Le parlement a convenu aujourd’hui (mardi) de voter une proposition révisée (exemptant les comptes au solde inférieur à 20 000 euros), mais le vote a été repoussé à lundi prochain. En attendant, les banques resteront fermées (jusqu’à jeudi officiellement, mais il est certain qu’elles le resteront jusqu’à la résolution du problème) pour éviter un retrait massif. Pour l’instant, les locaux doivent se résoudre à un accès limité à leur argent dans les distributeurs automatiques.
Il semble que les dirigeants européens sous-estiment l’indignation des citoyens en réaction à l’offre initiale. Cette réaction et la réaction des politiciens a envoyé un message clair aux autres pays en difficulté, ce qui devrait éliminer ce type d’action à l’avenir (au moins en ce qui concerne les gens « ordinaires »).
On recherche donc une autre solution. Une option serait que le géant de l’énergie russe Gazprom recapitalise les banques chypriotes en échange de droits d’exploration dans ses eaux territoriales. Il y a encore beaucoup de confusion là-dessus cependant (une annonce de CNBC avait même pour titre « Gazprom offre-t-il un renflouement à Chypre »), mais sachant les montants russes en cause ici, nous ne sommes pas surpris de cette offre. Le Président russe, Vladimir Poutine, a dit aujourd’hui que la proposition de taxe était « injuste » et « dangereuse ». Nous aurions pu sourire à cette anecdote, sachant que certains politiciens russes ont sans doute des comptes à Chypre également, mais nous nous sommes rappelés ensuite que la Russie est l’un des premiers fournisseurs de pétrole en Europe, et qu’elle peut donc punir ceux qu’elle estime « injuste » en fermant les vannes.
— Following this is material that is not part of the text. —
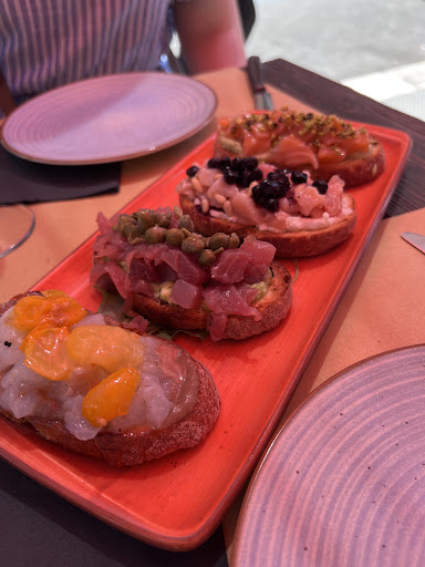 Read moreFun little restaurant on a busy street, great with friends. I personally loved sitting there on my own and watch the city being alive on a Friday night. I’ve tried the nachos with polpo and I found it was a fun declination of the traditional panino from Bari. It did not wow me but the polpo was very tender and the nachos were an artisanal made corn tortillas, so probably it’s just that cime di Rapa is not my thing….The protagonist of the dinner was the tris of tartare. I usually like my tartare a little bit colder in temperature but the pairings (especially the tuna with stracciatella) were very tasty....

Pour le moment, la situation n’est pas résolue. Nous pensons que l’Allemagne est la plus grosse perdante du moment (avec d’autres états membres « importants »), car elle a forcé le pays à accepter cette taxe pour voir maintenant un état aussi négligeable pour certains que Chypre s’y opposer. Nous continuerons de surveiller la situation, mais si notre vision est correcte, cela est un signe baissier majeur pour l’Europe et l’EUR, au moins à court terme.